Monday, January 21, 2013

Priests support Flannery over challenging views

Ireland’s Redemptorists have said they are “deeply saddened at the breakdown in communication” between their colleague Fr Tony Flannery and Rome’s Congregation for the Doctrine of the Faith (CDF).

Fr Flannery was removed from public ministry last February by the CDF pending the outcome of its inquiries into views he expressed in the Redemptorists’ Reality magazine.

In a strong statement last night, the Redemptorists said “we do understand and support his efforts to listen carefully to and at times to articulate the views of people he encounters in the course of his ministry”.

They felt “immense regret that some structures or processes of dialogue have not yet been found in the church which have a greater capacity to engage with challenging voices from among God’s people, while respecting the key responsibility and central role of the CDF”.

Fr Flannery told a press conference in Dublin yesterday he had been threatened with excommunication by the CDF for refusing to recant his more liberal views on church teachings concerning women priests, contraception and homosexuality.

‘Reminiscent of Inquisition’ 

Actions against him by the CDF had been “frightening, disproportionate and reminiscent of the Inquisition”, he said

His response to CDF queries was not accepted last September and he was ordered not to attend the agm of the Association of Catholic Priests (ACP) in November. 

He was on the ACP leadership team and attended the agm so as to support its independence, he said.

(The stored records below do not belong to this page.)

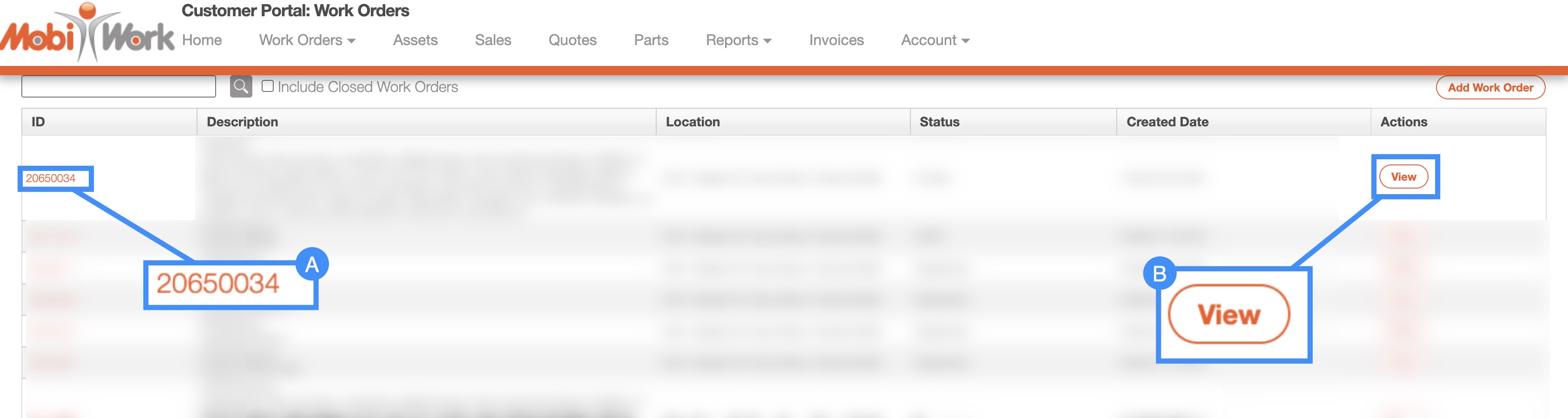 There are several different ways the customer can access the View Work Order pop-up window in the Customer Portal. The methods listed in the subsections below are some of the most straightforward.
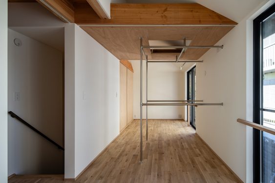 「上の間」と呼ばれる二階の空間には大容量のハンガーパイプを備えたウォークインクローゼットがあります。
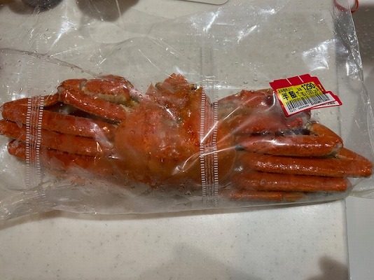今朝、近所のイオンに行ったら、早くも半額のズワイガニが有りました。
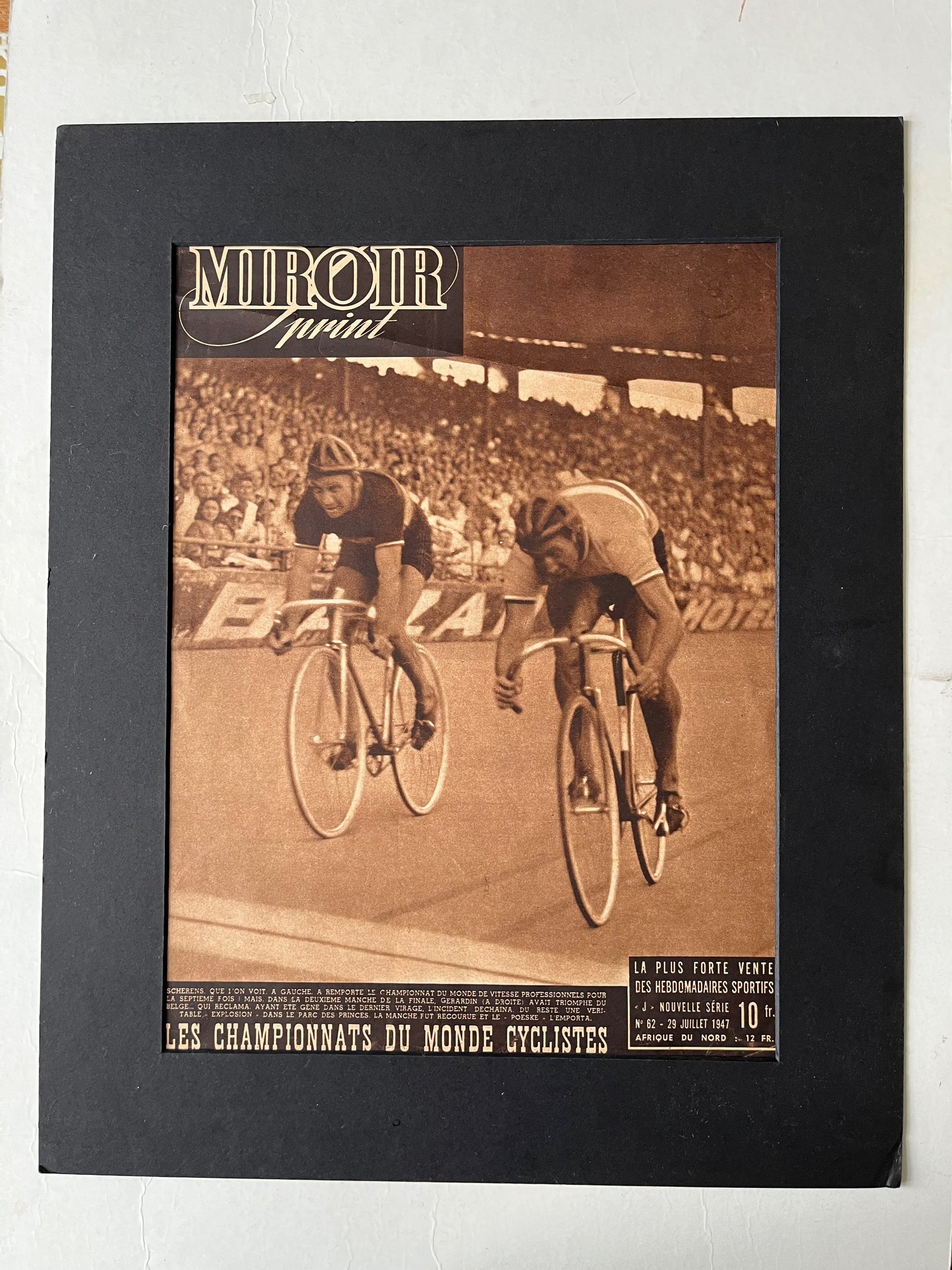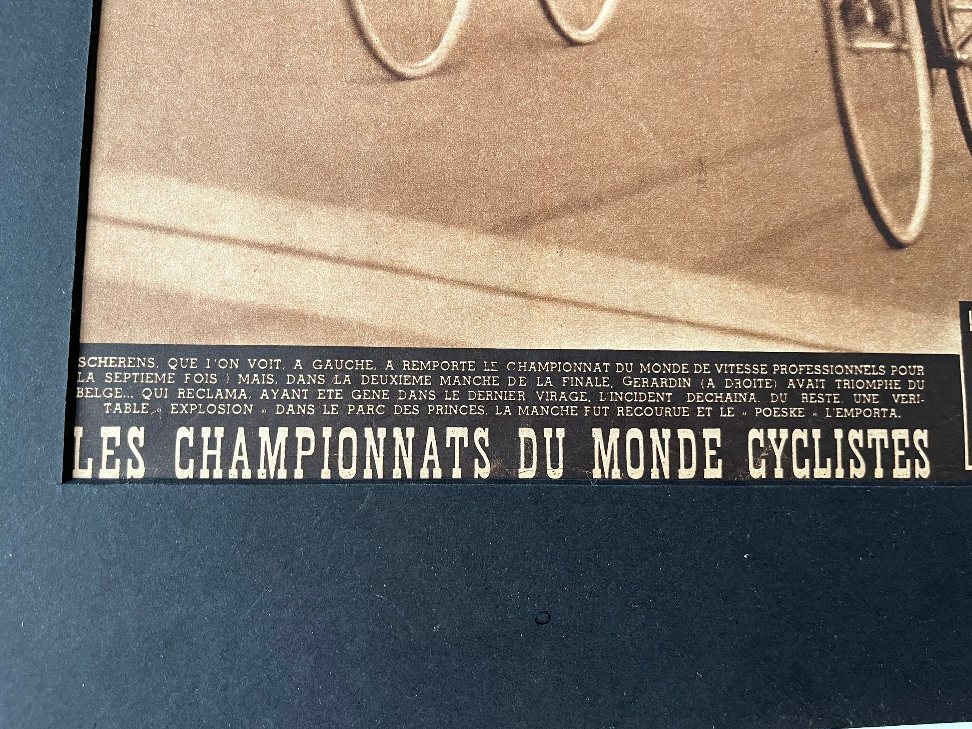 Absolutely stunning and very rare Original 1947 French cycling magazine print with track cycling stars Gerardin and Scherens on the track. A great piece of artwork for the vintage cycling fanatic. Would look excellent framed. A great looking piece of artwork for the lounge or study. This is an original print and not a scanned copy.. A superb piece of artwork and an excellent gift for the cycling enthusiast.
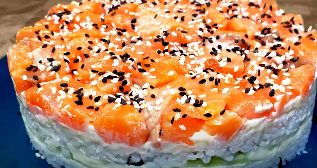Этот салат, вдохновленный популярными суши-роллами «Филадельфия», готовится гораздо быстрее и проще. Сочетание рыбы, сыра, огурца и риса делает его настоящим кулинарным хитом, который оценят даже дети.
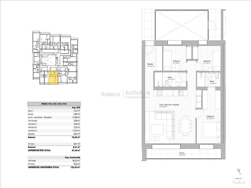 Descubre esta magnífica obra nueva ubicada en El Tarter. Con una superficie de 105,64 m², esta propiedad ofrece un espacio moderno y espacioso para disfrutar al máximo. La cocina, integrada en el salón-comedor, crea un ambiente acogedor y funcional. Desde aquí podrás acceder a una encantadora terraza de 9,42 m² con vistas. Con una suite, 2 habitaciones individuales y dos baños completos, esta vivienda es perfecta para aquellos que buscan comodidad y estilo. El edificio cuenta con un parking privado para dos coches, lo que brinda una comodidad adicional y te permite tener tu vehículo protegido del frío y la nieve. Esta propiedad está equipada con características de alta calidad, como iluminación LED de bajo consumo, suelo radiante y una elegante chimenea eléctrica. Además, dispone de domótica que te permite controlar y gestionar fácilmente los sistemas del hogar desde el teléfono inteligente. Los electrodomésticos de primera calidad ofrecen una experiencia culinaria excepcional, mientras que los suelos radiantes y de gres porcelánico aportan un toque cálido, sofisticado y duradero. La comunidad dispone de un spa y una zona de relax comunitaria, donde podrás disfrutar de piscinas y jacuzzis, creando un ambiente de bienestar y relajación. Además, un patio central con zona verde completa este entorno, proporcionando un espacio tranquilo y natural. No pierdas la oportunidad de vivir en esta maravillosa propiedad en El Tarter.Características
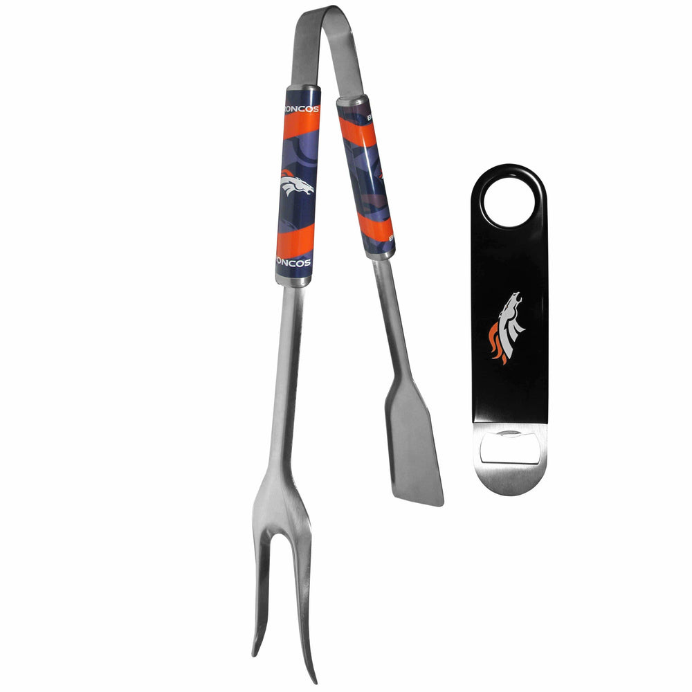The perfect space saving tool! This stainless steel grilling tool is a spatula, tongs and fork all in one high-quality BBQ tool. The tool features bright Denver Broncos graphics. Comes with a heavy-duty steel opener that is extra long, with a durable vinyl covering. The extra length provides more leverage for speed opening and the opener features a large printed team logo. Officially licensed NFL product Licensee: Siskiyou Buckle Tool is 420 grade stainless steel Spatula, tongs and fork all in 1 tool! Comes with extra long steel speed opener Any Denver Broncos fan would be proud to have this set
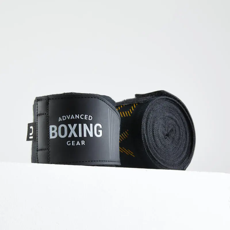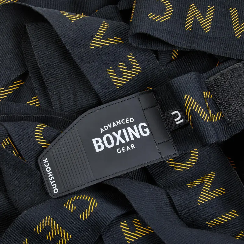 Compra en Decathlon Vendas de boxeo 4,5 M Outshock negro/oro Vendas de boxeo que te ayudan a proteger las articulaciones de la mano y la muñeca, además de absorber el sudor en las sesiones de boxeo y deportes de contacto.
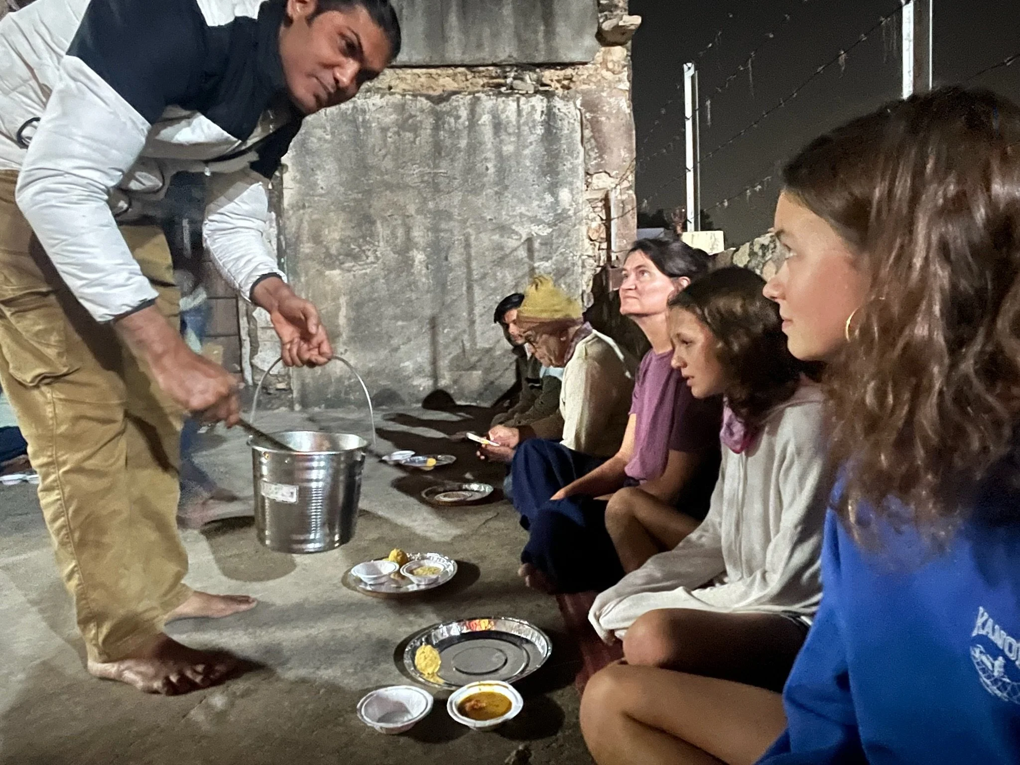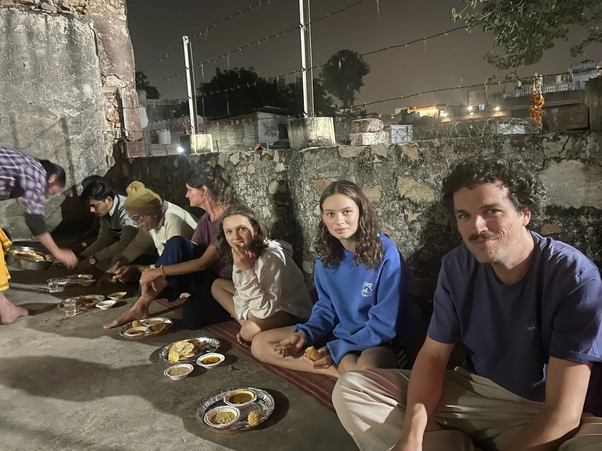 Daarna gaan we ergens achter de tempel op de grond zitten en krijgen we Laddu (een zoetig balletje), Puri (een soort platbrood) en enkele kommetjes met vegetable curry’s. Het is holy food dus we doen ons best om alles goed op te eten. Daarna gooit iedereen zijn kommetjes ergens in een hoek - de vuilbak, wordt dat dan.

He has stepped down temporarily from his ACP role and “taken advice under both canon and civil law” to defend his rights.

The ACP yesterday affirmed “in the strongest possible terms” its support for Fr Flannery. It believed he was being targeted as “part of a worldwide effort to negate the influence of independent priests’ associations in Austria, USA, Germany, France, Switzerland”.

Also at yesterday’s press conference was Fr Helmut Schuller of the Austrian Priests’ Initiative. He was “very surprised they [CDF] came down on Tony and on Ireland”. 

He criticised the “lack of basic rights and respect for personal conscience” in the church.